X = {2, 2.5, 2.6, 3, 3.1, 3.2, 3.4, 3.7, 4, 4.1,4.8}
Copyright By PowCoder代写 加微信 powcoder
2. Giventhefollowingunivariatedataset,determinetheoutlierscoreforinstances(x=0.5)and(x=4) using the Inverse Relative density using 2-NN (Manhattan distance) strategy.
Dataset = {1,1.05, 1.1, 1.15, 1.2, 1.21, 1.3, 1.4, 1.45, 1.5, 4.55, 5.6, 6.8, 7.58, 8.6, 9.7, 10.3, 11.4, 12.3,13.5}
3. We have dataset containing demographic and income data from United States in 1994. We want to judge the fairness of a classifier we have trained on it. The data set consists of about 48,000 individuals, where each instance X is characterized through a range of 14 demographic attributes (gender, origin, education, race, occupation, etc.). The target variable Y is the income of the person (>50K or <=50K). Assume we selected gender as our protected attribute. We trained our classifier and observed the following outcomes. The label y=1 means “income >50K”, and y=0 means “income <=50K.
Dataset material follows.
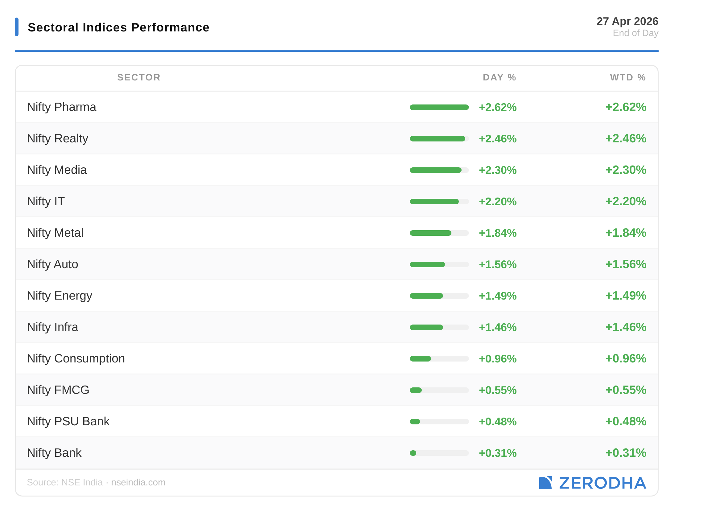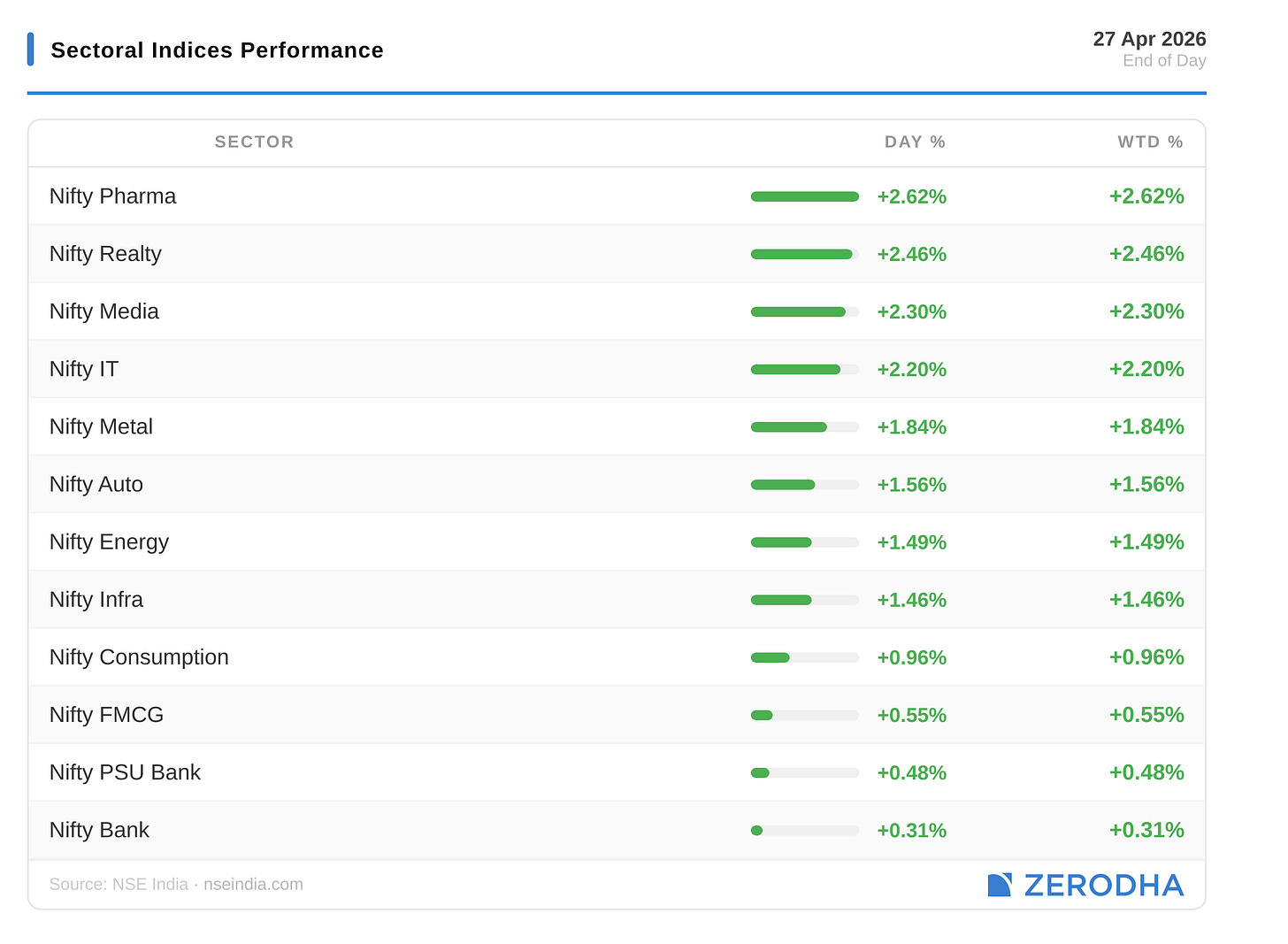 Pharma led at 2.62%, followed by Realty at 2.46%, Media at 2.3%, and IT at 2.2%. All 12 sectors closed green. FMCG brought up the rear at 0.55%, PSU Bank at 0.48%, and private banks barely moved at 0.31%.

P(ŷ=1|A=f) P(ŷ=1|A=m) P(ŷ=1|Y=1, A=f) P(ŷ=1|Y=1, A=m) P(Y=1|ŷ=1, A=f) P(Y=1|ŷ=1, A=m) P(Y=1|ŷ=1) P(ŷ=1| Y=1) 0.81 0.75 0.80 0.86 0.73 0.74 0.74 0.85
(i). (ii).
Name each of the statistics and provide a formula for its measurement. Be sure you understand the intuition / connection behind the statistical notion and its metric.
For each of the following criteria, decide whether the classifier meets this criterion.
a) Group Fairness (Demographic parity)
b) Equal opportunity
c) Predictive parity
4. AcommonmetricforassessingclassifierfairnessistheGAPinscoresachievedacrossgroups.If we choose true positive rate (TPR) as our score of interest, we will check the classifier for “equal opportunity”. If we choose positive predictive value as score of interest, we test our classifier for “predictive parity”. Verify your observations in question 2 using (a) max-GAP and (b) avg-GAP. When would avg-GAP be preferred, and when max-GAP?
5. For our classifier above, we reported that 𝑇𝑃𝑅𝑓=0.8, 𝑇𝑃𝑅𝑚=0.86 and TPR=0.85 (cf. Columns 3, 4 and 8 in the table). How do you think TPR was computed, and what does it tell us about the data?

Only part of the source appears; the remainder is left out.